Нейтрофильные гранулоциты являются наиболее распространенными группа лейкоцитов в периферической крови. Как профессиональные фагоциты, они поглощают бактерии и убивают их внутриклеточно, когда их антимикробной предохранитель гранулы с фагосомы. Мы обнаружили, что нейтрофилы имеют дополнительный способ убить микроорганизмы: после активации, они выпускают гранулы белков и хроматина, которые вместе образуют внеклеточные волокна, которые связывают патогенов. Эти новые структуры или нейтрофилов внеклеточной Ловушки (НРТ), ухудшают факторов вирулентности и убивают бактерии, ^{1, 2} грибков и паразитов, ^3. Структурные основы сетей является ДНК, и они быстро разлагается в присутствии DNases.

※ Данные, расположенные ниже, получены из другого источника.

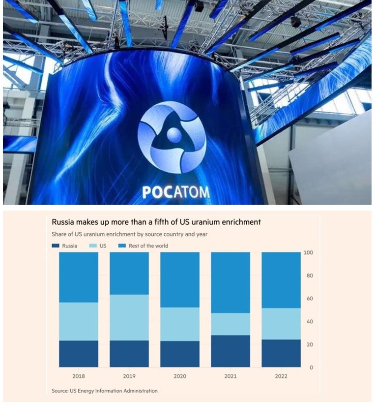 Υπάρχουν μόνο λίγοι δυτικοί προμηθευτές εμπλουτισμού για πυρηνικά καύσιμα, συμπεριλαμβανομένων των γαλλικών Orano και Urenco, μιας βρετανικής, γερμανικής και ολλανδικής κοινοπραξίας. Η Tenex, θυγατρική της Rosatom, είναι η μόνη εταιρεία στον κόσμο που παρέχει εμπορικές πωλήσεις ενός νέου τύπου καυσίμου που ονομάζεται Haleu – υψηλής ανάλυσης ουράνιο χαμηλού εμπλουτισμού – που είναι εμπλουτισμένο μεταξύ 5-20% και θα μπορούσε να τροφοδοτήσει μια νέα γενιά μικρότερων, πιο αποδοτικών αντιδραστήρων.

Таким образом, бактерии выражения DNases, более опасны, ^4. Использование корреляционного микроскопию TEM объединения, SEM, иммунофлюоресценции и жить методы ячейка изображения, мы могли бы показать, что при стимуляции ядер нейтрофилов теряют свою форму и ес-и гетерохроматин гомогенизации. Позже, ядерной оболочки и мембраны гранулы распадаются позволяет смешивание NET компонентов. Наконец, сетки выпущен как перерывы клеточной мембраны. Эта программа гибели клеток (NETosis) отличается от апоптоза и некроза и зависит от поколения активных форм кислорода NADPH оксидазы ^5.

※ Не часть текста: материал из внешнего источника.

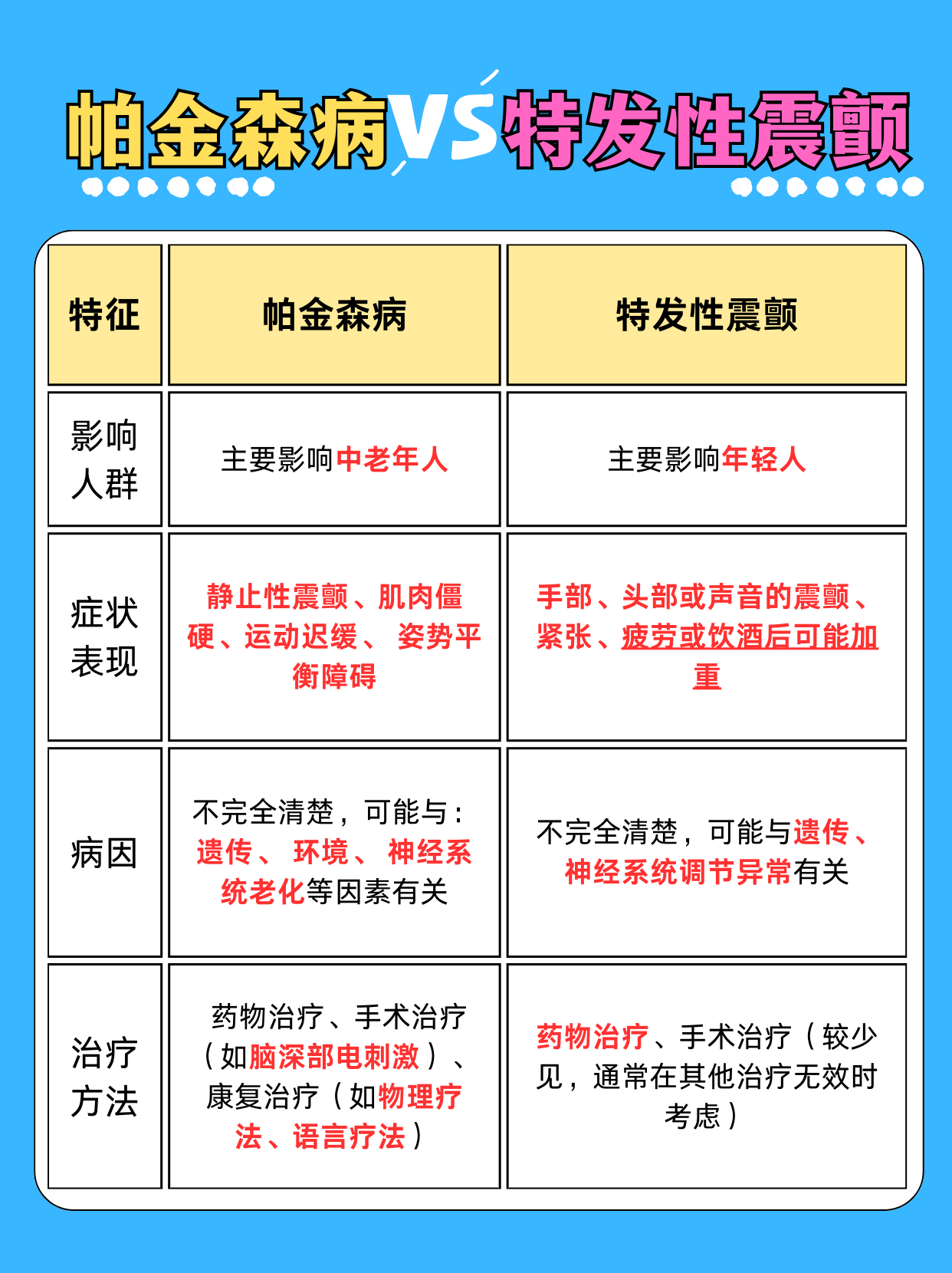 总之,帕金森病和特发性震颤虽然都是震颤性疾病,但它们在症状、病因和治疗方法上都有一些区别。如果你或你身边的人出现震颤等症状,应及时就医,以便明确诊断并采取相应的治疗措施。

Нейтрофилов внеклеточной ловушки в изобилии на сайтах острого воспаления. НРТ-видимому, форма врожденного иммунного ответа, которые связывают микроорганизмы, предотвратить их распространение, а также обеспечить высокие локальные концентрации антимикробных препаратов деградировать факторов вирулентности и убивать патогенные что позволяет нейтрофилов выполнять свои функции антимикробных даже за пределами их жизни. Существует все больше доказательств, однако, что НРТ также участвуют в заболеваниях, которые варьируются от аутоиммунных синдромов к бесплодию ^6.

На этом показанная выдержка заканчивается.